The interruption shattered the moment of connection we'd been building. I saw Raven's expression shift from open vulnerability back to guarded assessment as she looked between us, calculating relationship dynamics and potential complications.

"Hey, I'm just the annoying guy who asks dumb questions," I said quickly, standing and raising my hands in surrender. "You two have... whatever you have. I'll just go find something else to break."

But as I turned to leave, I caught the look Raven gave me—a flash of frustration that the conversation had been interrupted, of regret that we'd been pulled back to surface-level interactions when we'd been approaching something real.

She was choosing to deal with Finn's jealousy because she had to, not because my presence didn't matter. The realization sent warmth through my chest even as I walked away, giving them space to work through whatever history and complications defined their relationship.

From across camp, I watched them talk—saw Finn's earnest explanations and possessive gestures, saw Raven's careful responses that neither encouraged nor completely dismissed him. But every few minutes, her eyes found mine across the distance, holding contact for moments that felt like promises of conversations interrupted but not abandoned.

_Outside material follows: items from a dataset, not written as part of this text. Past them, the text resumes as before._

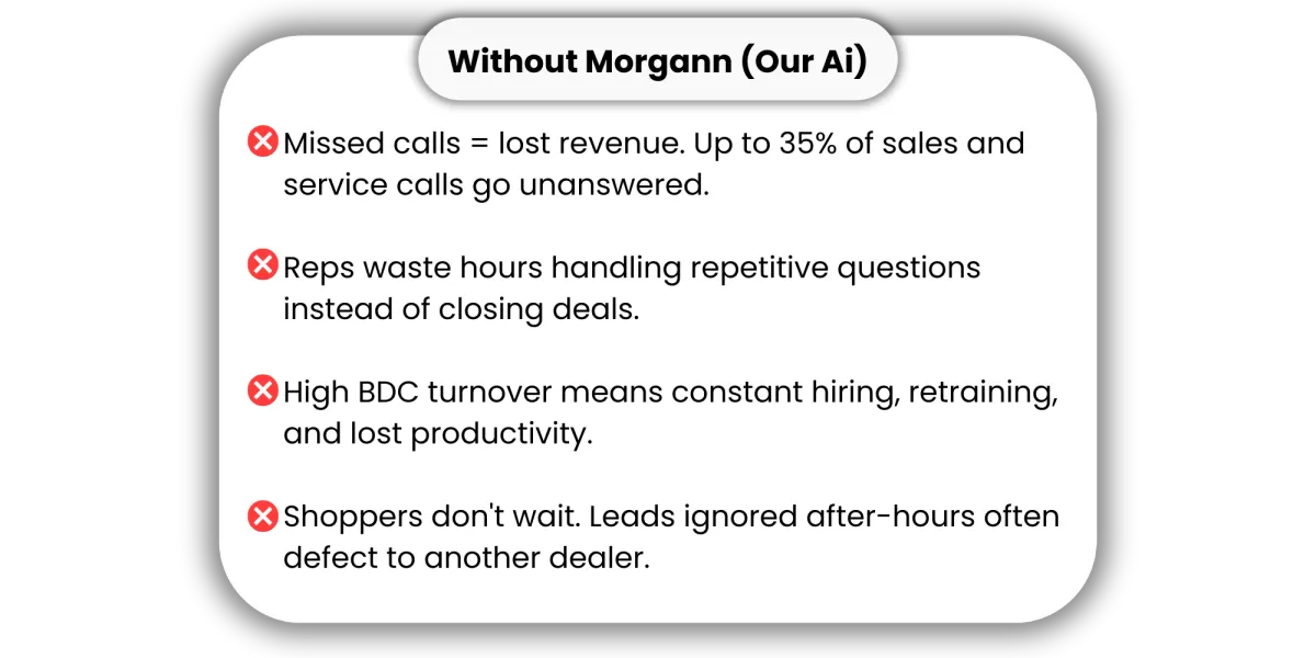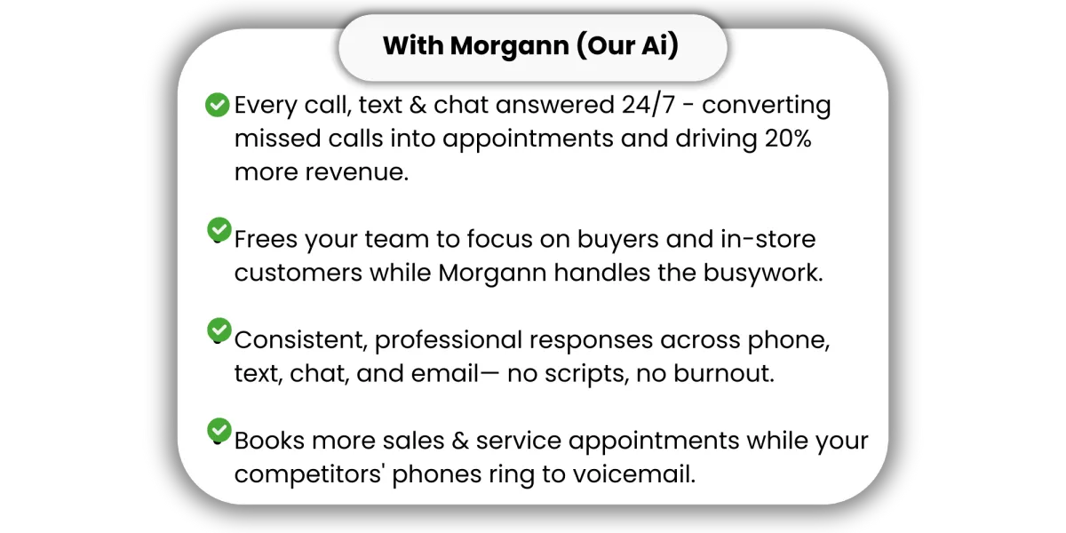Built by dealer owners and salespeople, Morgann from 360 Auto Ai replies in seconds, follows up for months, and books appointments 24/7-so your team can stop chasing and start closing.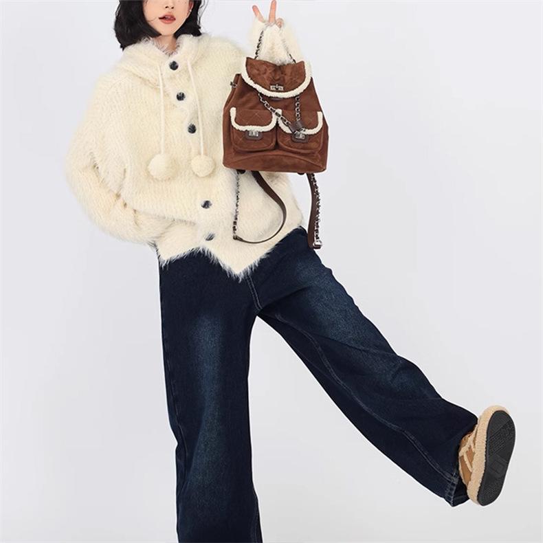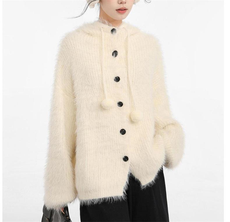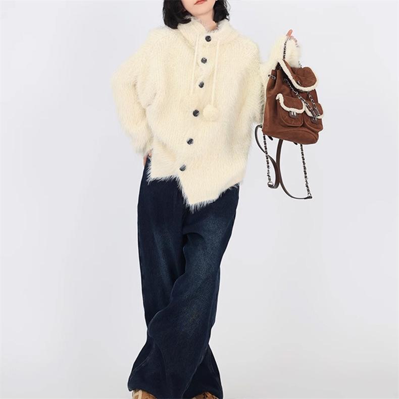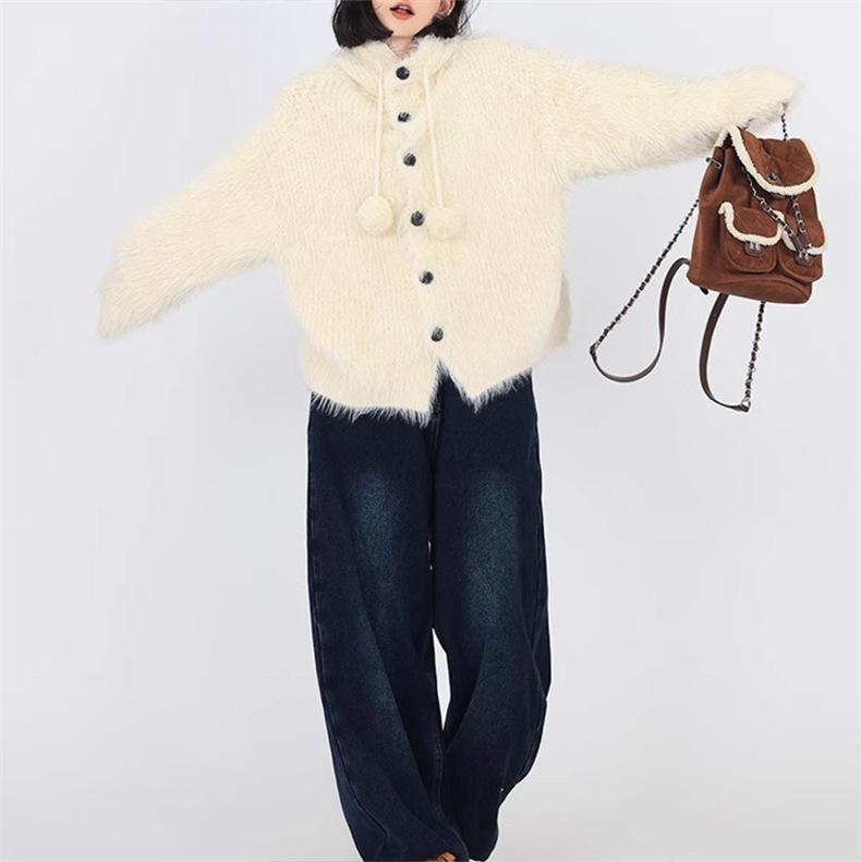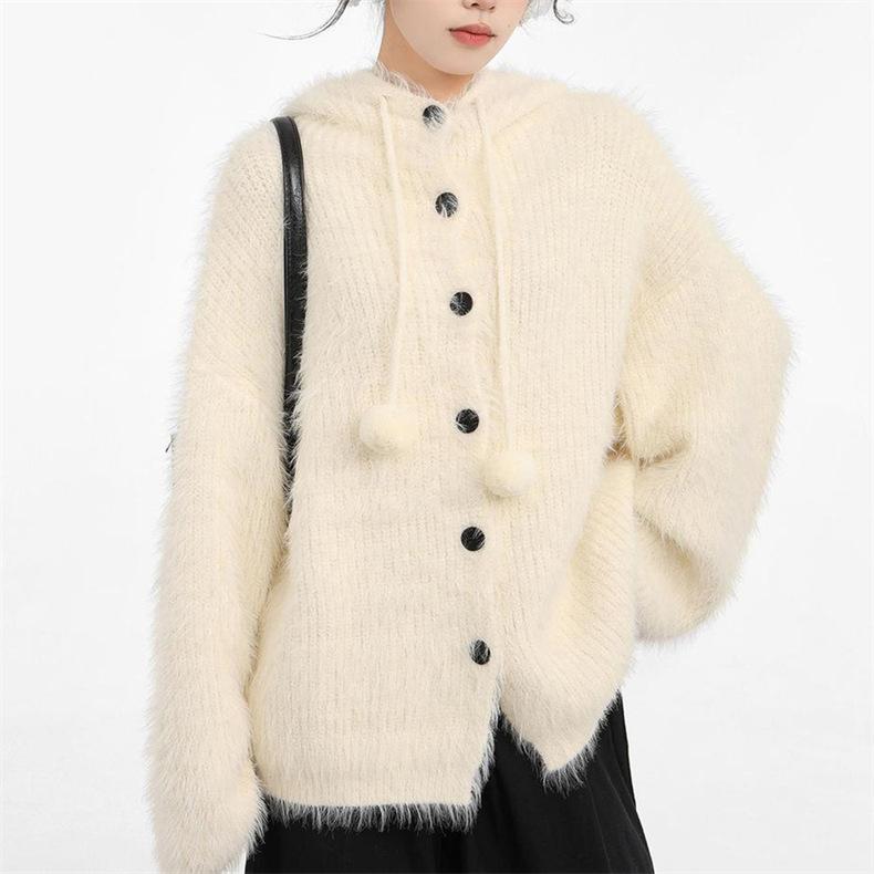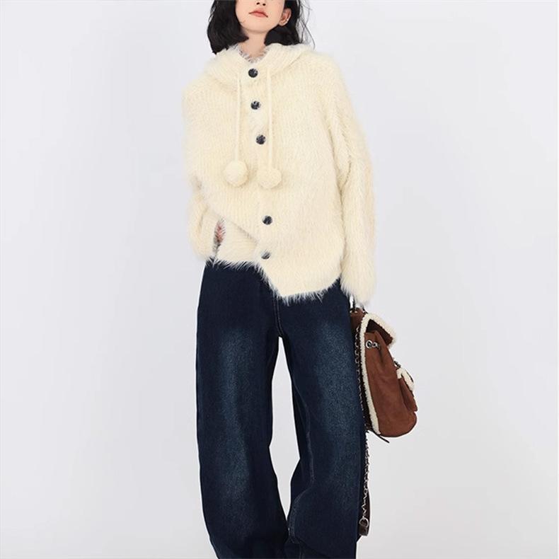 Suéter Cárdigan de Cachemira de Visón Imitación para Mujer Otoño e Invierno 2024 Nuevo Abrigo de Punto con Capucha Holgado Grueso Top para Mujer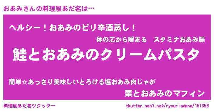 | 意味不明あだ名 | 『眠気覚ましガムおあみ味』『自称おあみ』 |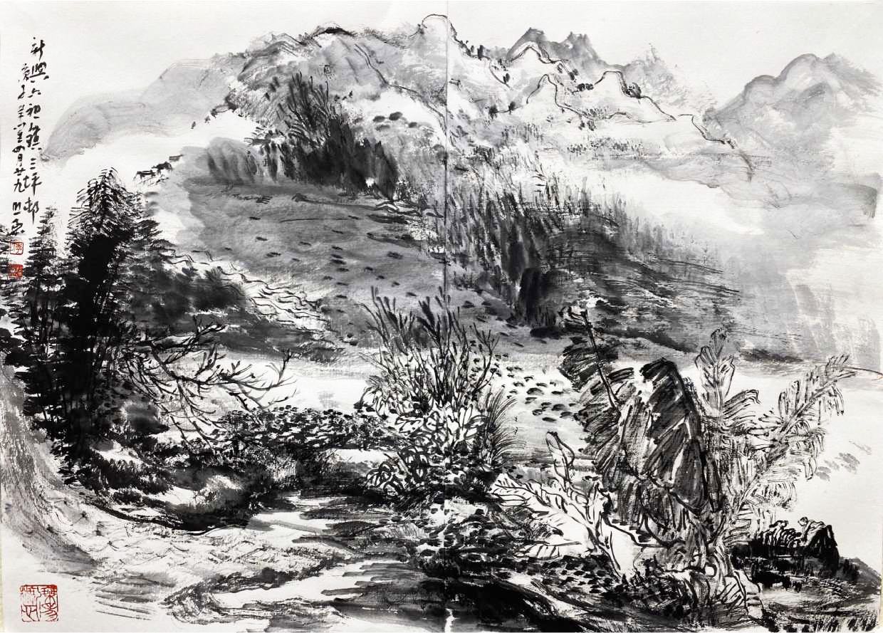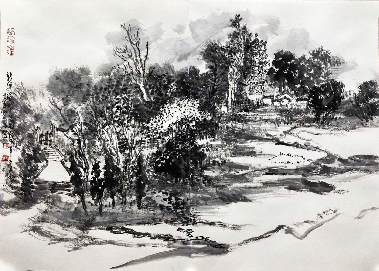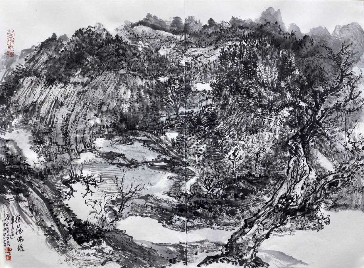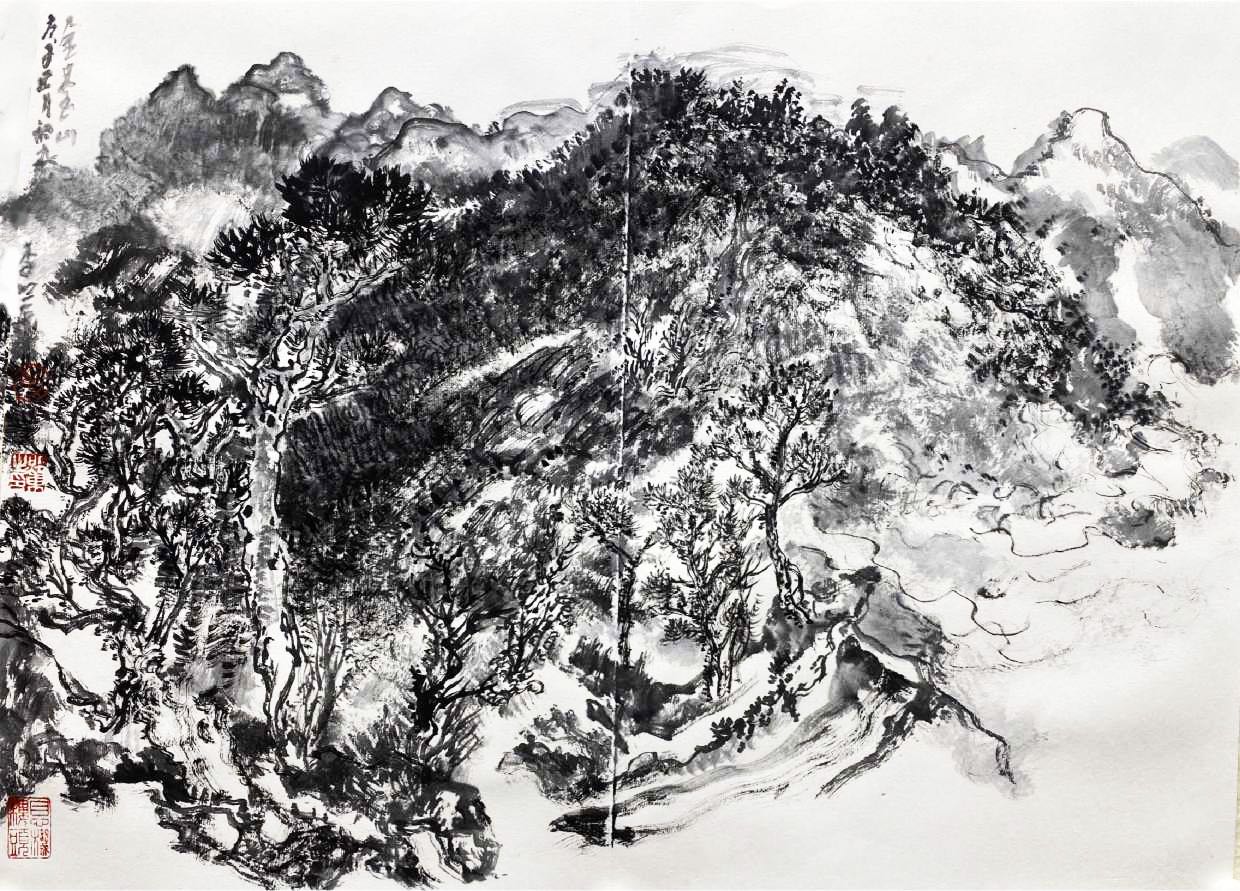 此次展出分為兩部分,一是李照東作為修習日課的意筆花鳥寫生,一是近期赴禪宗六祖惠能故鄉——雲浮新興縣所作山水寫生。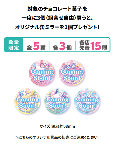 対象のチョコレート菓子を一度に3個(組合せ自由)買うと、オリジナル缶ミラーを1個プレゼント!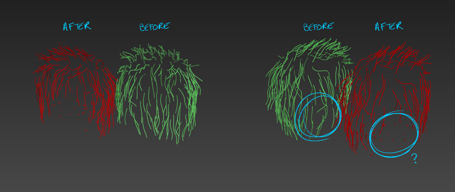 | Description: | Hello, A part of or all the hair guides disappear, or sometimes become all curled up, or extend in unpredictable ways, or start stretching into infinity without being selectable. This happens, still randomly, even when the strands have become meshes through your modifyer or when the work is started over from a previous OXH export. In conclusion, it's impossible to work with. (See images attached) I use 3dsmax 2016 and 3 different builds of the software were tried: |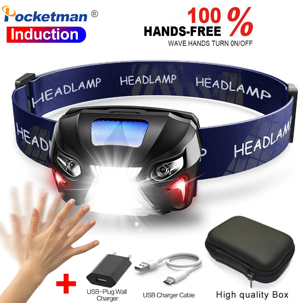 Мощный датчик движения тела налобный фонарь светодиодный светильник USB перезаряжаемая головка флэш-светильник Кемпинг Рыбалка Пешие прогулки головной светильник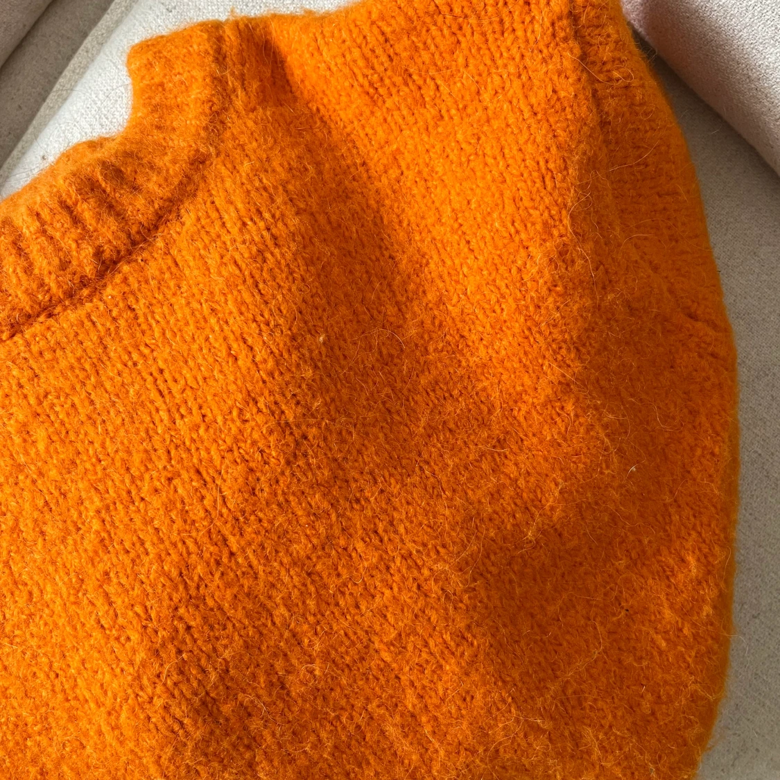 Helt underbar stickad tröja från HM i orange. Alpacka blandning. Perfekt att slänga över klänningen nu när sommarvärmen inte riktigt nått oss ännu 😍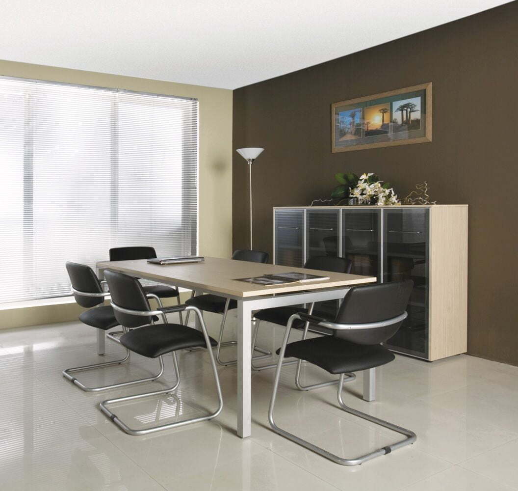 Мебель для переговоров Reventon обладает оригинальными чертами, создающими атмосферу солидности и современного стиля. Столы выделяются асимметричной L-образной опорой и металлическими рамами, что обеспечивает прочность и устойчивость конструкции. Использование ЛДСП "зебрано песочный" в отделке столов придает поверхности приятную текстуру, схожую с натуральным деревом. Опоры-колоны из нержавеющей стали дополняют общий изысканный образ и гарантируют долговечность мебели. Также предусмотрена возможностью объединения стенок из нескольких шкафов под единым топом, позволяя создавать гармоничные композиции и оптимизировать пространство. Вся коллекция производится из высококачественного ЛДСП и имеет ПВХ-кромку толщиной 2 и 0,4 мм. Доступные цветовые решения включают "зебрано песочный" и "венге темный", позволяя выбрать оптимальный вариант для любого интерьера.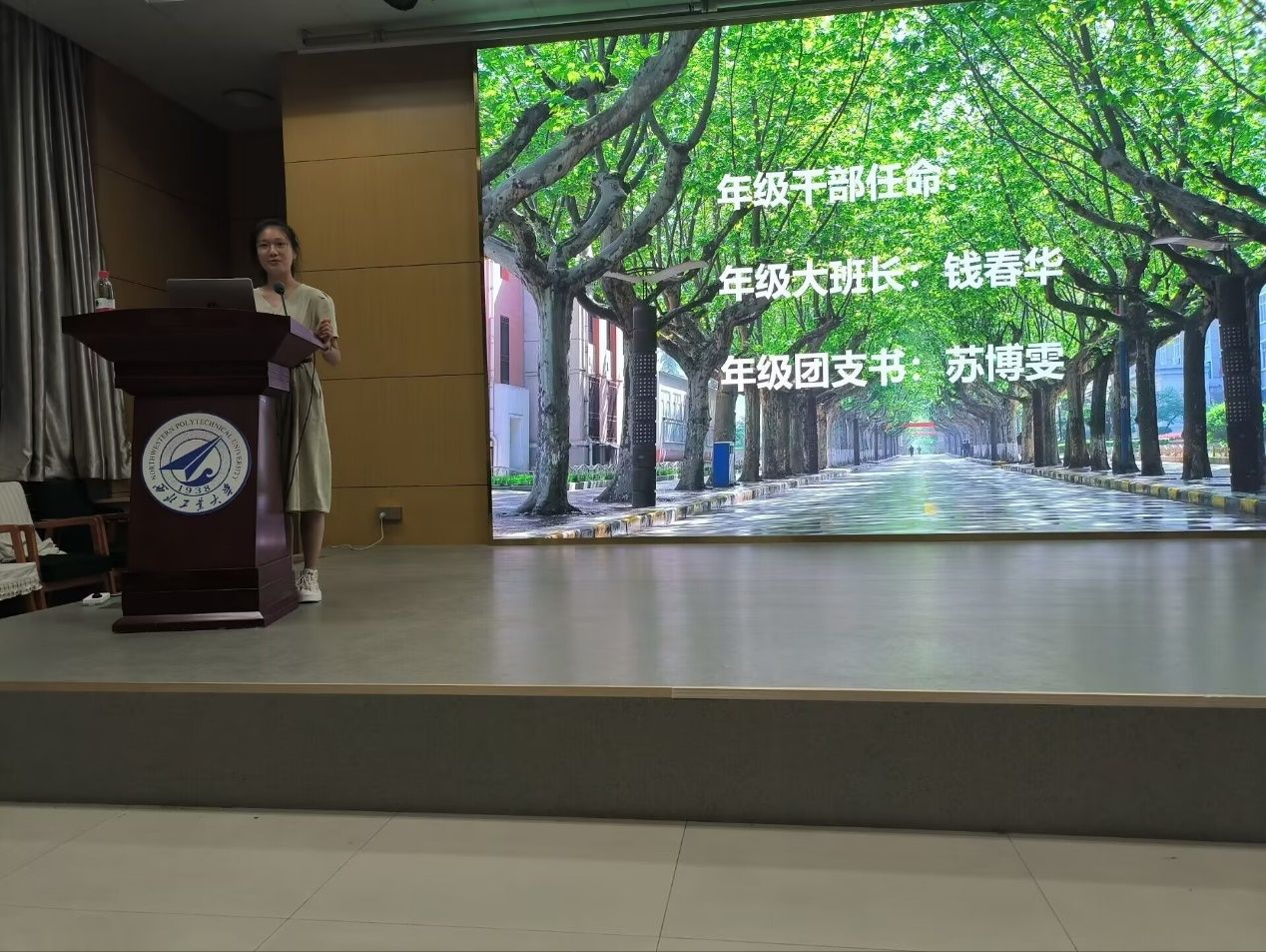 最后,力学与土木建筑公司2023级本科年级大班长钱春华和年级团支书苏博雯向同学们进行自我介绍,并承诺未来必将踏实做事,积极与老师、同学们沟通,热情为每一位同学服务,他们表示会在日后的工作中自觉接受大家监督并不断改正自身缺点,和同学们一起进步,为构建一个积极向上、有朝气的公司而共同努力!

"This is dangerous," I thought, forcing myself to look away and focus on other tasks. "Getting attached to someone who's starting to see through your lies. Getting invested in relationships that can't survive the truth about what you are."

But as night fell and I caught her watching me from across the fire, neither of us looking away immediately, I realized the danger was already here. The shift had already occurred, and there was no going back to the safety of keeping everyone at arm's length.

Some risks were worth taking, even when they led straight toward heartbreak.